The increased fees from these grants inflate the cost of doing business, denying the private sector the incentives to invest in projects behind the Big Four Agenda. In 2018, state corporations took as much as KSh 345 billion from the exchequer and brought in minimal returns from the investment, a significant increase from KSh 169 billion in FY 2013/2014.
Privatization would provide a shot at better management, increase the capacity of the government corporations to provide economic returns, and improve operations and efficiency in the companies. Additionally, privatization would help reduce and eventually eliminate the need for capital grants, which are increasingly denting Kenya's budget.
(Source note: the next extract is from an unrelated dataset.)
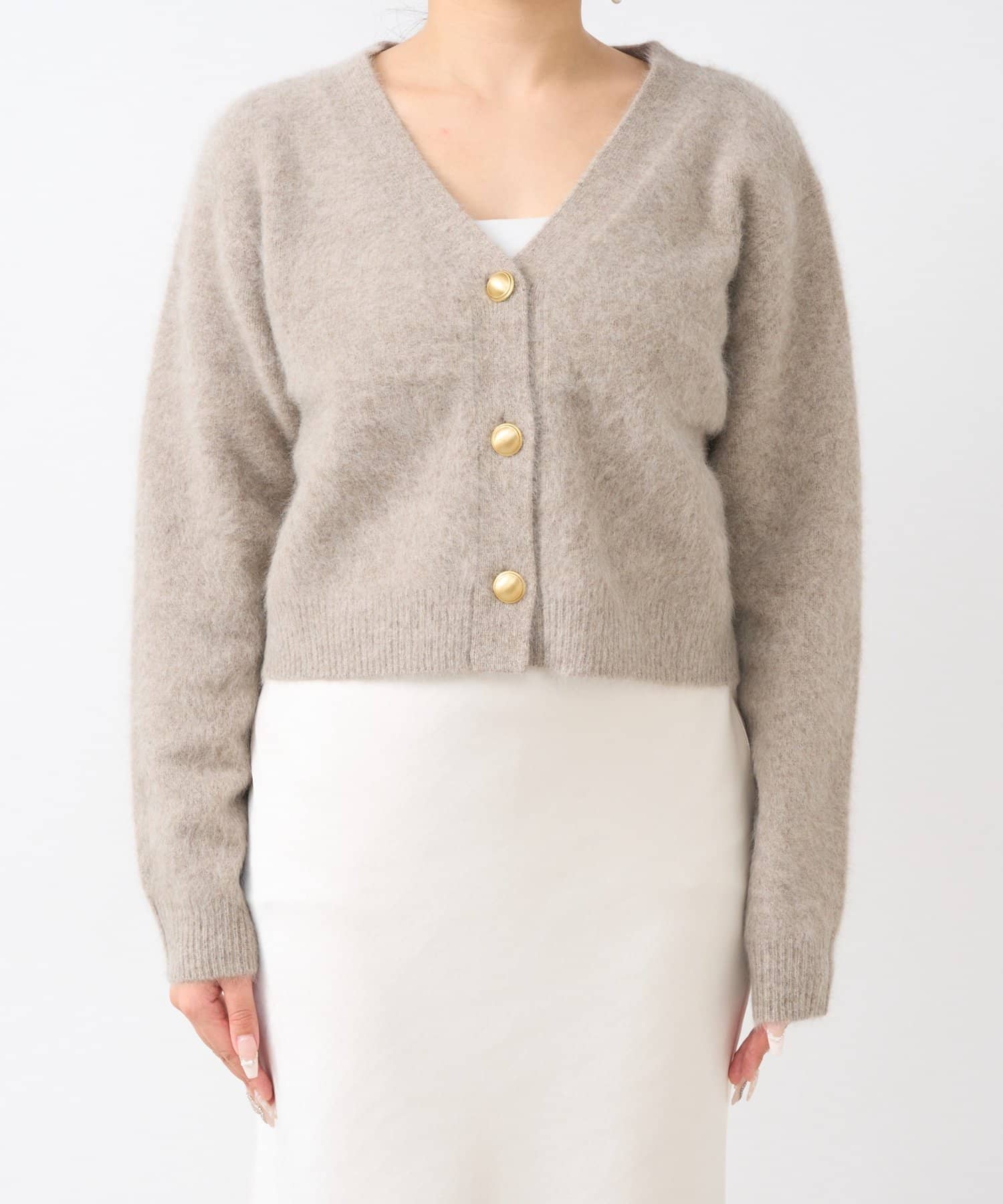 【上質・ふわふわ】ヘアリーヤーンメタルボタンカーディガン
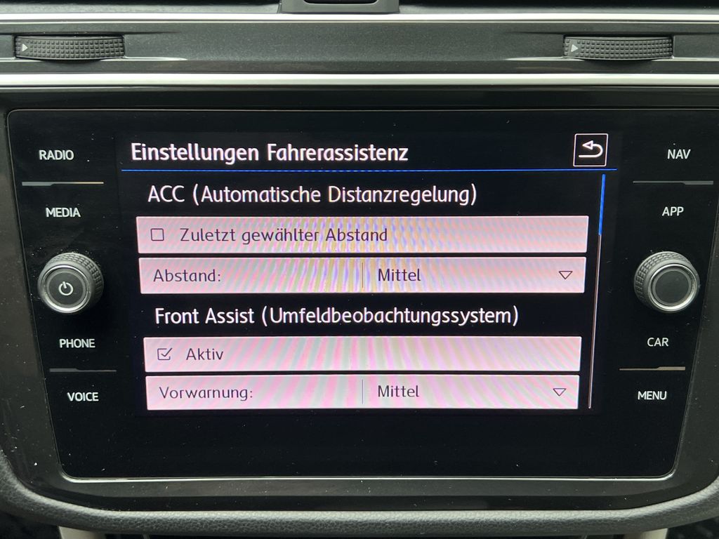 * Fahrassistenz-System: Autom. Distanzregelung (ACC) mit Umfeldbeobachtungssystem (Front assist, bis 210 km/h)

While privatization is not a guarantee to end corruption, the private sector has a better track record at handling graft. The government can opt to either fully privatize or give up majority control, with the state pumping resources from the sale to support the Big Four agenda or channeling dividends earned toward development projects.
Some parastatals are pivotal to a sector, and therefore, legislators should approach policies around them with tact, weighing implications of privatization on employment, economic growth, and provision of services. This entails an understanding that while privatization would propel the performance of some parastatals, its application should follow a keen analysis on a case-to-case basis.